Finance Minister Penny Wong has been pushing the line that the Budget was framed for the benefit of the country rather than opinion polls, and that Abbott's criticism was the "mindless negativity" of a politician good at fighting but not leading.
Newspoll said that while more people thought the Budget would be good for the country than bad, 41 per cent felt they would be personally worse off, while only 11 per cent felt their life would be better.
And 41 per cent said the Government could have produced a better Budget, against 38 per cent who supported Swan's strategy and 21 per cent who were undecided.
The Australian said this was the lowest support for a Government's Budget and the highest for an Opposition since Paul Keating's Labor Government Budget in 1995.
Nielsen found opinion evenly divided, with 44 per cent satisfied with the Budget and 44 per cent dissatisfied.

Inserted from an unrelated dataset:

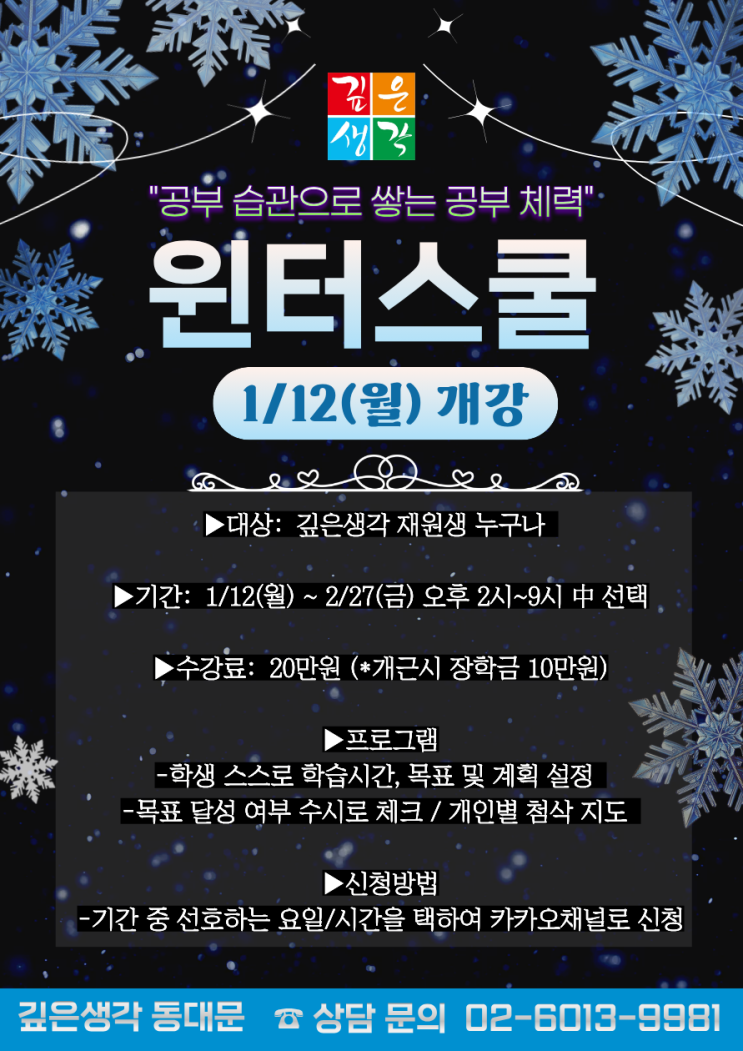 겨울방학 특강, 아이의 학습 성장을 완성할 결정적 기회깊은생각 동대문 겨울방학 수학·영어 집중 프로그램

The Nielsen poll showed 60 per cent of voters do not support the Government's policy of shipping newly arrived asylum seekers to a third country.
The policy follows East Timor's refusal to host a regional detention centre, and discussions with Papua New Guinea to reopen former Liberal Prime Minister John Howard's "Pacific solution" camp on Manus Island, closed when Labor won power in 2007.
Gillard has reached agreement in principle to take 4000 refugees whose status has already been approved from Malaysian detention camps, in return for sending 800 asylum-seekers directly to Malaysia.
Thailand's Foreign Minister, Kasit Piromya, has since expressed his country's interest in a similar deal.
Meanwhile, the powerful Community and Public Sector Union, representing most federal public servants, has warned of strikes if the Australian Public Service Commission cuts conditions, wages and leave entitlements.
The union covers 150,000 employees in 68 agencies.
While saying strikes would be a last resort, the union warned that the first to be affected would be border protection agencies including customs, immigration, defence and agriculture and quarantine officials.
And the nation's workplace relations tribunal, Fair Work Australia, yesterday pushed the Government back into negotiations with its finding that about 200,000 community servers at present seeking a 25 per cent pay rise were paid lower wages because most were women.